In the first place, a row of branches of trees is laid across from wall to wall, over these is placed a layer of smaller branches or twigs, and over this again, there is a layer of reeds or perhaps rushes; then the whole is covered over with a coating of earth mixed up with water and chopped straw, which is beaten down flat and rolled with heavy wooden rollers. This is just such a simple sort of roof as Robinson Crusoe might have made to his mansion. It is very light, and substantial enough for a country where much rain does not fall. When it does rain, the roller is occasionally employed to keep the mud coating firm. I used to be amused after a shower, to see a great number of people dragging rollers about on the roofs of their cottages. As the ceiling is not plastered, the unhewn and often crooked branches, which form the basis of the roof, and even the smaller branches and reeds, are seen from within the cottage, and are generally blackened with smoke. Now I think I have completed the description of a Persian village, and its cottages.

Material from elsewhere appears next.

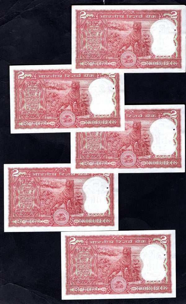 India, 2 rupees x 5, Singh signature (1984-85), 31V 249702-249706.
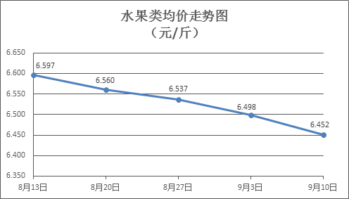 水果類商品價格總體略降。上周所監(jiān)測的6種水果商品價格波動情況為2漲4跌,綜合零售均價為6.452元/斤,環(huán)比下降072%。其中蘋果、香蕉、葡萄零售均價分別為每斤7.30元、3.05元、13.00元,環(huán)比分別下降0.14%、下降0.33%、下降1.52%。

H. Sir, you have not said a word about the furniture.
U. O. There is scarcely a word to say about it; for the Persian peasant has hardly any thing that we should call furniture in his cottage. He sits upon the floor and eats from the floor, and has therefore no need of chairs, stools or tables.

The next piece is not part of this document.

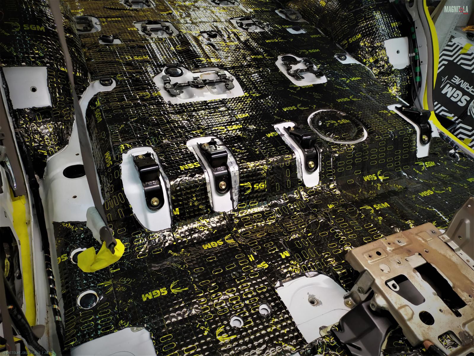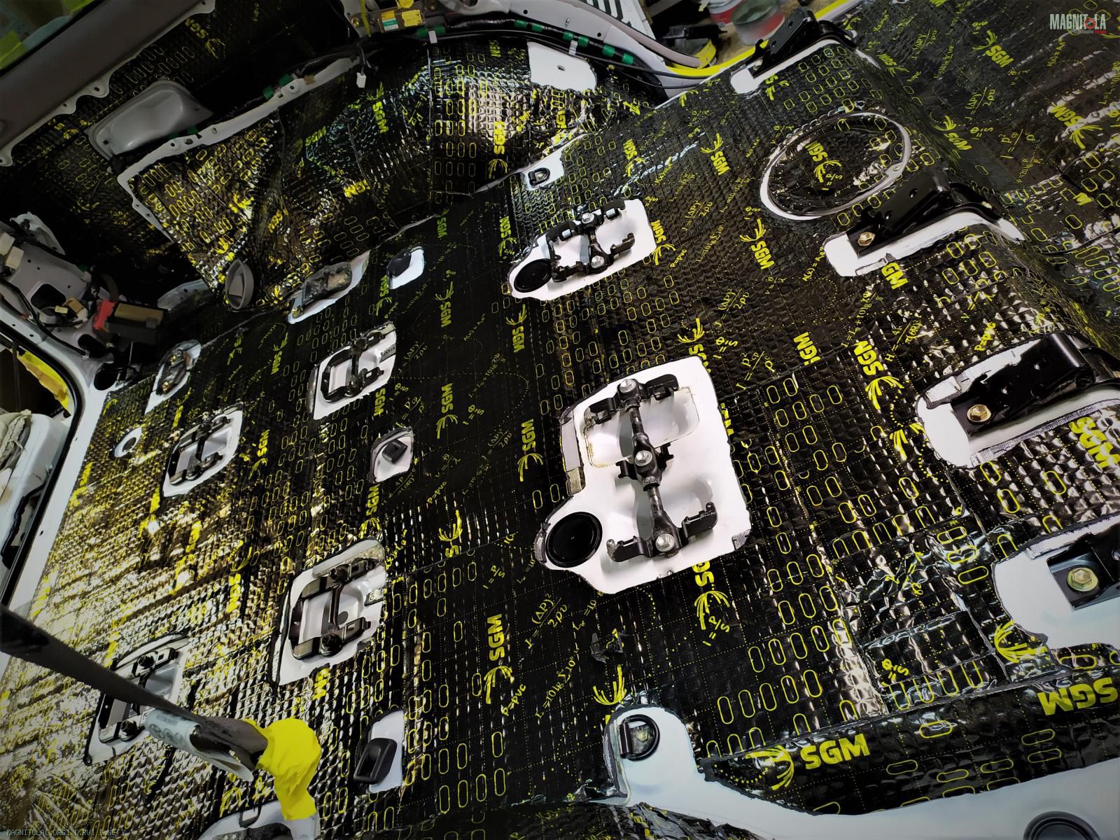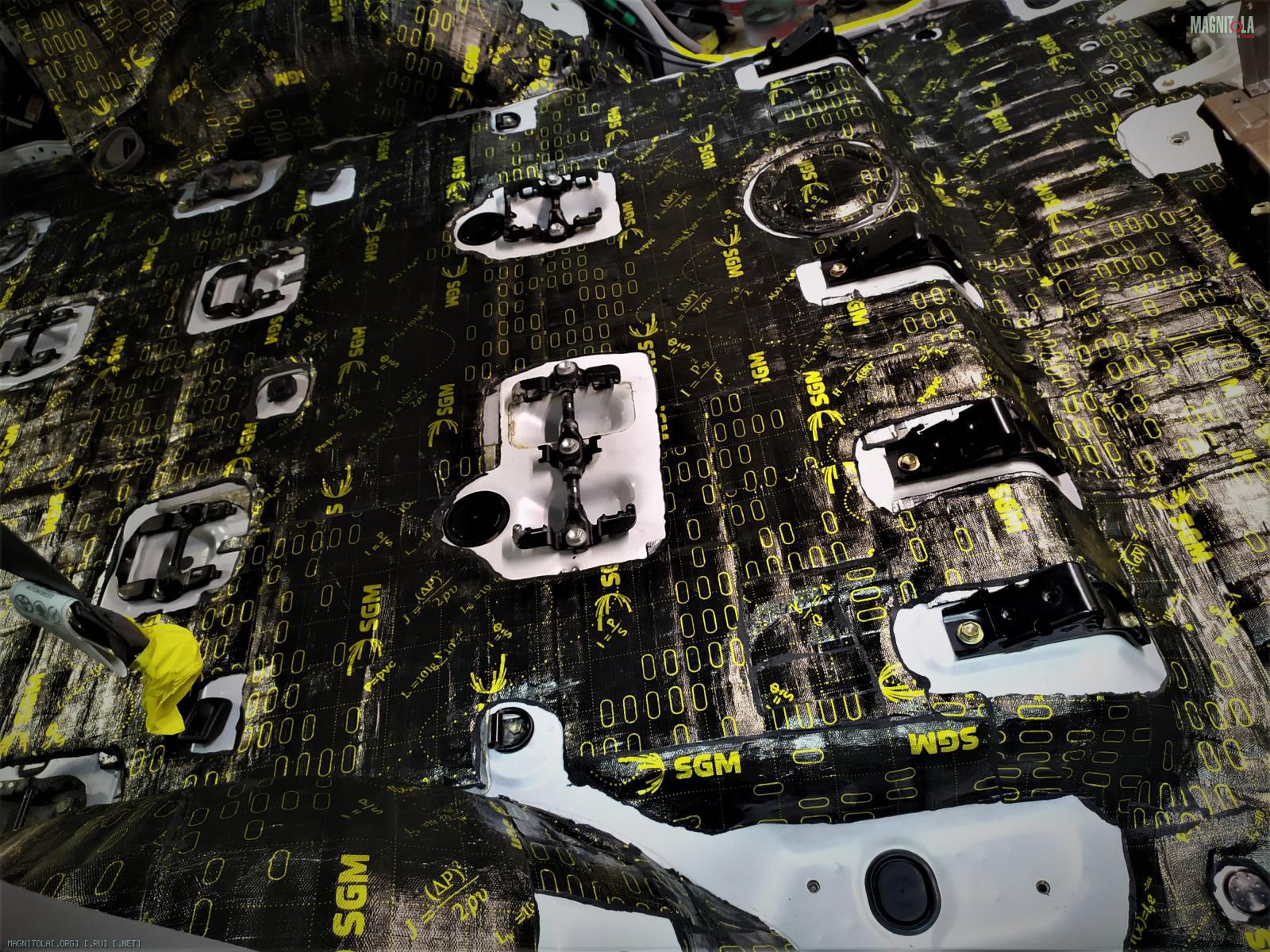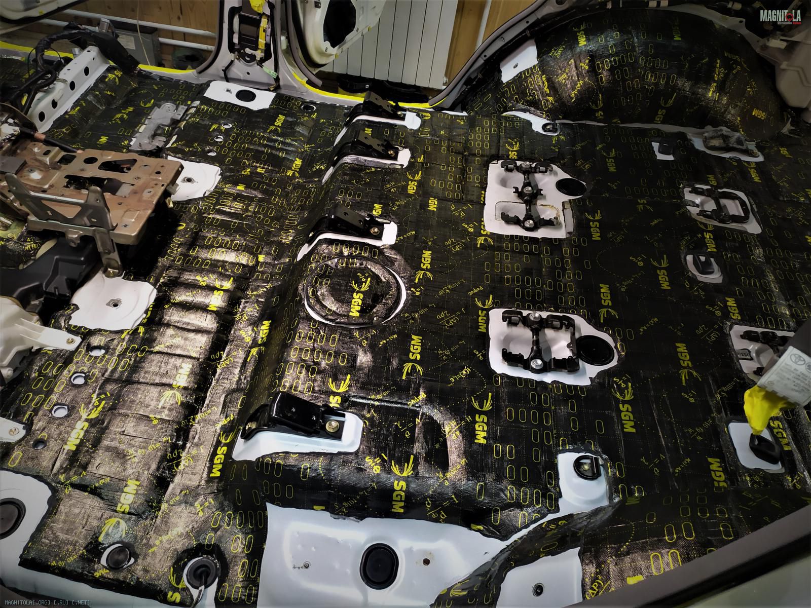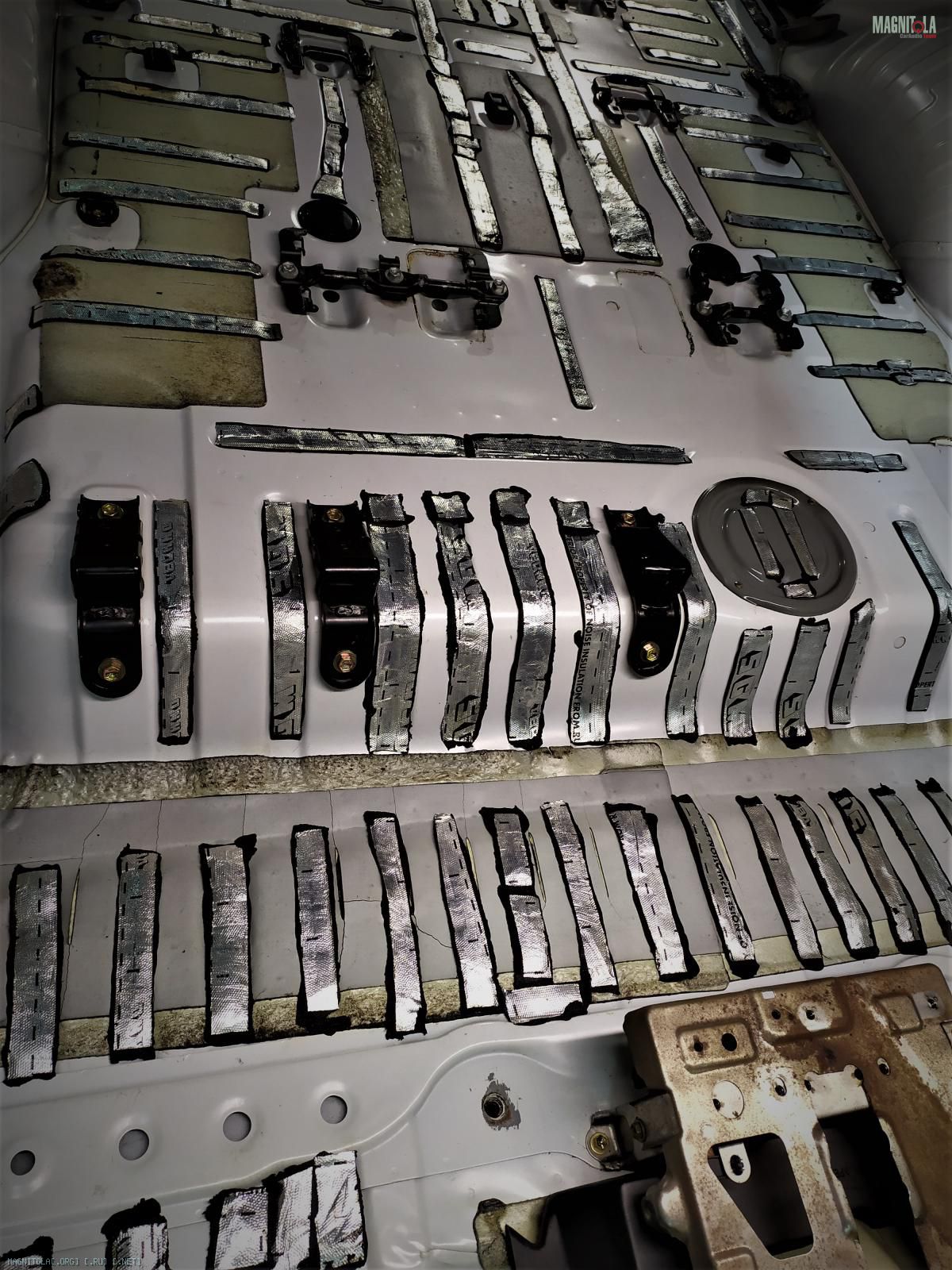 На лицевой металл наносим вибру 4мм, цельным листом, греем, прикатываем.

H. But they do not sit upon the bare floor, I suppose ?
U. O. No. This reminds me that I have forgotten to tell you that there are scarcely any planked floors in Persia. The floors of the cottages are always of mud, and frequently not a whit more level than the open ground, and quite as rough. They have, however, mats and pieces of carpets to lay in the places where they usually sit; and as these pieces are sometimes very good, they seem to make a curious contrast to the rudeness of the uncovered parts of the mud floor. Cooking utensils, dishes, jars, and boxes, which we should hardly consider as articles of furniture, are the principal articles in a Persian cottage. There is nothing that is ornamental, and little that is neat. But we are to consider that the mode of living in Persia
renders unnecessary innumerable articles which we cannot do without; and hence not only the hovels of the poor, but the mansions of the great are destitute of almost any kind of furniture except carpets.
Uncle Oliver. As I have particularly described to you the habitations of the people who live in the villages, I will now describe to you the better sort of houses in the towns. I do this, because I consider that our knowledge of a people is defective unless we have a clear notion of their dwellings; and I the rather do this, as I am not acquainted with any book that so fully describes them as I am prepared to do. Before I describe the houses, it will be as well to give you some account of the materials with which they are made.
Henry. Are they, then, so different from the materials of our own houses ?
U. O. Very different, as you will presently find. Stone might easily be obtained almost every where in Persia ; but it is very little employed in buildings; and I scarcely recollect to have seen one modern building of stone. Timber also is very sparingly used, owing I suppose to the scarcity of trees.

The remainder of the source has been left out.